Question

$C{H_3}Br + KCN(alc.) \to X\xrightarrow{{Na + {C_2}{H_5}OH}}Y$
What is Y in the series?

Answer 1

Hint: Alkyl halide in the presence of nucleophile undergoes nucleophilic substitution reaction. Here $CN^-$ acts as a nucleophile replacing the $Br^-$ of alkyl group which results in the formation of alkane nitrile. Alkane Nitrile in the presence of $(Na^{+}, {C_2}{H_5}OH$) undergoes reduction which leads to the formation of amines.

Complete step by step answer:
We know alkyl halide undergoes substitution reactions in the presence of nucleophiles. Here Bromomethane In the presence of KCN undergoes nucleophilic substitution reaction and yields the compound X ,i.e methanenitrile.

$C{H_3}Br + KCN(alc.) \to C{H_3}CN + KBr$

Now we know nitrile undergoes reduction in the presence of $(Na^{+}, {C_2}{H_5}OH$), leading to the formation of ethyl amine.
Here sodium in the presence of alcohol acts as a good reducing agent reducing the nitrile into the respective amine.

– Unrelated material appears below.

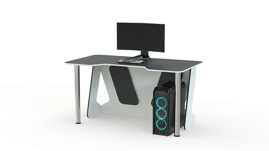 Геймерский стол Финн-3 BMS – это эффектная модель в черно-белой гамме с комбинированными опорами – из ЛДСП и регулируемыми хромированными. Просторная столешница скруглена по углам и имеет трапециевидный вырез в передней части, который обеспечивает комфортное положение тела во время игры и снижает нагрузку на локти. Легкость и надежность конструкции придает задняя стенка с декоративными вырезами. Купить геймерский стол Финн-3 BMS приглашаем в наш интернет-магазин с выбором цвета по каталогу.

$C{H_3}Br + KCN(alc.) \to C{H_3}CN + KBr\xrightarrow{{Na + {C_2}{H_5}OH}}C{H_3}C{H_2}N{H_2}$

Hence in the given series of reaction first nucleophilic substitution reaction taken place which convert Bromomethane into methanenitrile. Further methanenitrile in the presence of strong reducing agent ,i.e (Na+C2H5OH) undergoes reduction which yields ethylamine as a product.
Therefore the compound Y is ethylamine.
Here it should be noted that alkyl halide in the presence of alcoholic solution of KCN undergoes SN2 reaction. SN2 stands for nucleophilic substitution bimolecular reaction. In SN2 reaction the nucleophile attack on the alkyl halide and the removal of leaving group here Br- occurs in a single step. The SN2 reaction is preferable in primary halide groups due to less steric hindrance.

Note:
Here if the tertiary haloalkane is used in place of primary haloalkane, then the substitution reaction does not occur as in place of substitution reaction it undergoes elimination reaction which leads to the formation of alkene.